*EXERCISE:* Quote all lines below exactly. Images stay out.

*MATERIAL PROVIDED:*
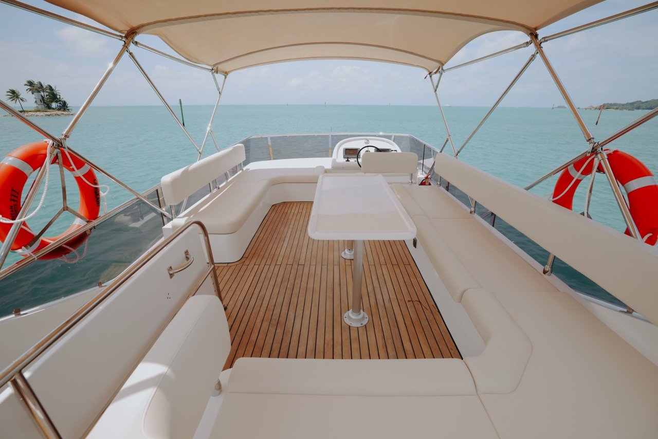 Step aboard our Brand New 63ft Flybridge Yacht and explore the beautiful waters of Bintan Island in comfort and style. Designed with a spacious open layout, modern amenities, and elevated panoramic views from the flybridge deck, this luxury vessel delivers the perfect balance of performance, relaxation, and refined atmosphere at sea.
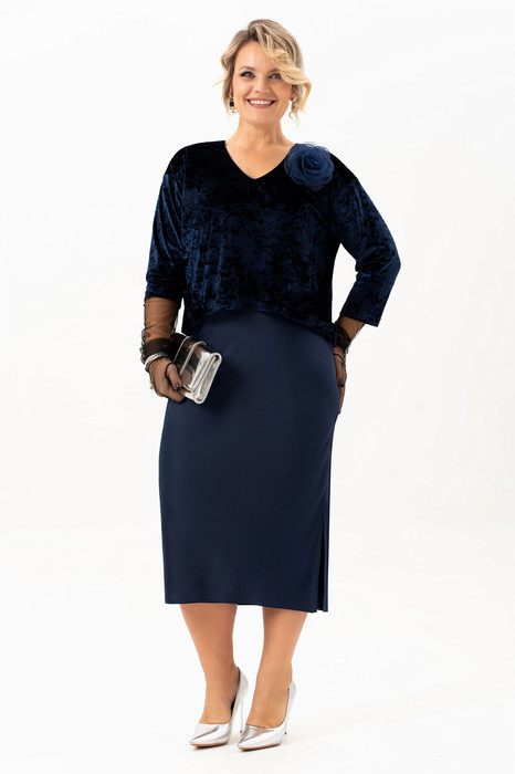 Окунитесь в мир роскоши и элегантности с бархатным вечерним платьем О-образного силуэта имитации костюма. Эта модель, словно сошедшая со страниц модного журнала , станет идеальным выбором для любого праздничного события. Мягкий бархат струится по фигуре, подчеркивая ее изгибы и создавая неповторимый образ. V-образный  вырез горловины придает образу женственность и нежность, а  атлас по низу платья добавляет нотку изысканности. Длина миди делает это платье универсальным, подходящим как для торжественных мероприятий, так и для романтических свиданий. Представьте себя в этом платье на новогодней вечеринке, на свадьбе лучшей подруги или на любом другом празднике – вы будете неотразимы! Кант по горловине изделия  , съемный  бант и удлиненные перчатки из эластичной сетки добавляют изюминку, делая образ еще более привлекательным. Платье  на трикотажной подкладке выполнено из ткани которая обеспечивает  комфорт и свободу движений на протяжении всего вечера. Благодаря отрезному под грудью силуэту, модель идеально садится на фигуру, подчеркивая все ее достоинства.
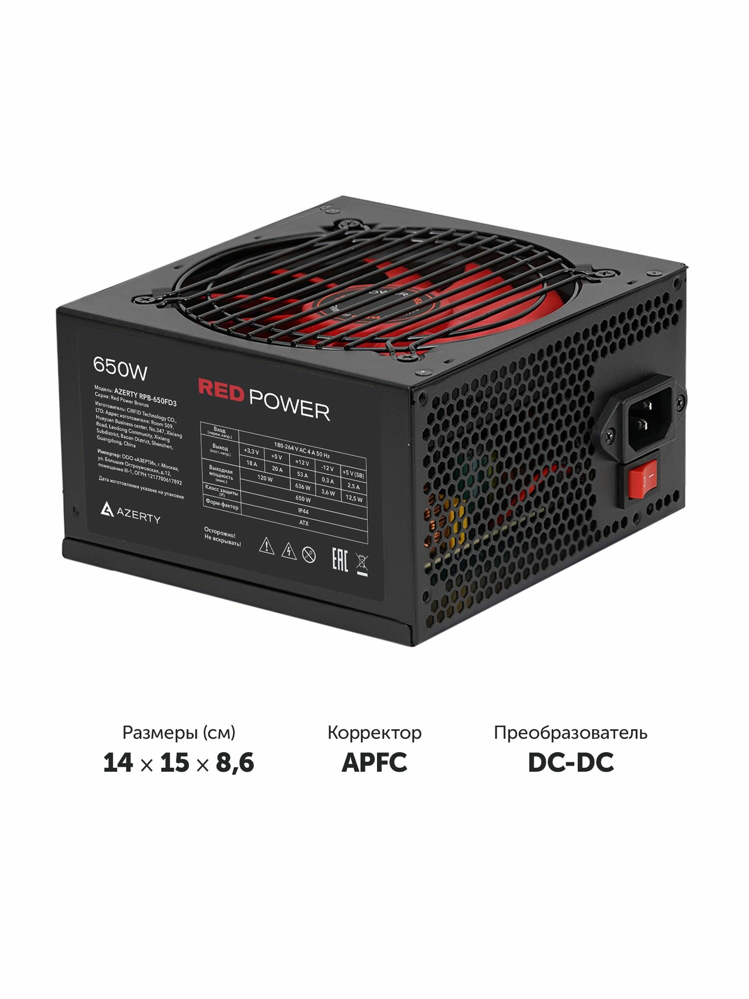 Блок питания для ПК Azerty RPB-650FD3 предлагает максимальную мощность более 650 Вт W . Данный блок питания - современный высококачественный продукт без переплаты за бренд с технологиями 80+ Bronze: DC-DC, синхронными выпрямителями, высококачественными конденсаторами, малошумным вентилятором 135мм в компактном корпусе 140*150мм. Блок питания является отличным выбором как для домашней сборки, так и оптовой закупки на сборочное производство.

*ANSWER TO THE EXERCISE:*
 Step aboard our Brand New 63ft Flybridge Yacht and explore the beautiful waters of Bintan Island in comfort and style. Designed with a spacious open layout, modern amenities, and elevated panoramic views from the flybridge deck, this luxury vessel delivers the perfect balance of performance, relaxation, and refined atmosphere at sea.
 Окунитесь в мир роскоши и элегантности с бархатным вечерним платьем О-образного силуэта имитации костюма. Эта модель, словно сошедшая со страниц модного журнала , станет идеальным выбором для любого праздничного события. Мягкий бархат струится по фигуре, подчеркивая ее изгибы и создавая неповторимый образ. V-образный  вырез горловины придает образу женственность и нежность, а  атлас по низу платья добавляет нотку изысканности. Длина миди делает это платье универсальным, подходящим как для торжественных мероприятий, так и для романтических свиданий. Представьте себя в этом платье на новогодней вечеринке, на свадьбе лучшей подруги или на любом другом празднике – вы будете неотразимы! Кант по горловине изделия  , съемный  бант и удлиненные перчатки из эластичной сетки добавляют изюминку, делая образ еще более привлекательным. Платье  на трикотажной подкладке выполнено из ткани которая обеспечивает  комфорт и свободу движений на протяжении всего вечера. Благодаря отрезному под грудью силуэту, модель идеально садится на фигуру, подчеркивая все ее достоинства.
 Блок питания для ПК Azerty RPB-650FD3 предлагает максимальную мощность более 650 Вт W . Данный блок питания - современный высококачественный продукт без переплаты за бренд с технологиями 80+ Bronze: DC-DC, синхронными выпрямителями, высококачественными конденсаторами, малошумным вентилятором 135мм в компактном корпусе 140*150мм. Блок питания является отличным выбором как для домашней сборки, так и оптовой закупки на сборочное производство.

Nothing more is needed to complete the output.